The site was in the late 17th century made up of two separate properties. One of them was as No. 94, in Snaren's Quarter (Snarens Kvarter) owned by shoemaker Iver Jørgensen. The other one was as No. 95, owned by Anders Jonsen's widow.

The old No. 94 was listed in the new cadastre of 1756 as No. 80 and belonged to shoemaker Mathias Svane. The old No. 95 was as No. 81 owned by tailor Niels Nielsen.

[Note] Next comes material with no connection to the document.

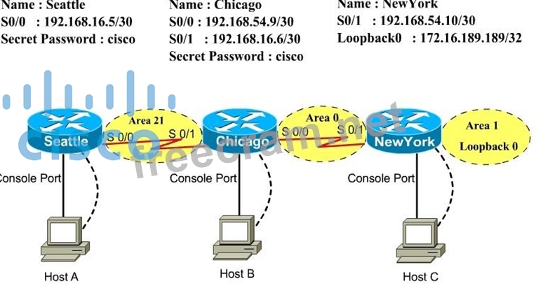 Note: In actual exam, the IP addressing, OSPF areas and process ID, and router hostnames may change, but the overall solution is the same.

The two properties were both destroyed in the Copenhagen Fire of 1795, together with most of the other buildings in the area. They were subsequently merged into a single property. The present building on the site was constructed in 1796-1798 for master carpenter Andreas Brendstrup.

===19th century===
The property was fairly shortly after its completion sold to tailor Johan Carl Drewsen. His property was home to 34 residents in eight households at the time of the 1801 census. The 40-year-old daughter resided in one of the apartments with his wife Ane Marie Bendison, their three daughters (aged two to five), his mother Anne Magdalene Sund, an apprentice and a maid. Christian Samuel Heisse, a treasurer, resided in the building with his second wife Carine Marie Holm and their three children (aged seven to 15). Sara Marthe Holm, Carine Marie Holm's mother, resided in the building with one maid. Ellen Lorentze Engmand, a 65-year-old widow, resided in the building with her 35-year-old daughter Christine Sophie Engmand and one maid. Thomas Hansen, a beer seller (øltapper), resided in the building with his wife Maren Rasmusdatter and their two children (aged one and five). Carl Taube, a master carpenter, resided in the building with his wife Anna Neergaard, their two-year-old son and one maid. Jens Christensen, rodemester of Snaren's Quarter, resided in the building with Kirstine Heegaard and one maid. Christian Peder Næboe, a master goldsmith, resided in the building with his wife Juliane Margrethe Gliese, their one-year-old daughter, one apprentice and one maid.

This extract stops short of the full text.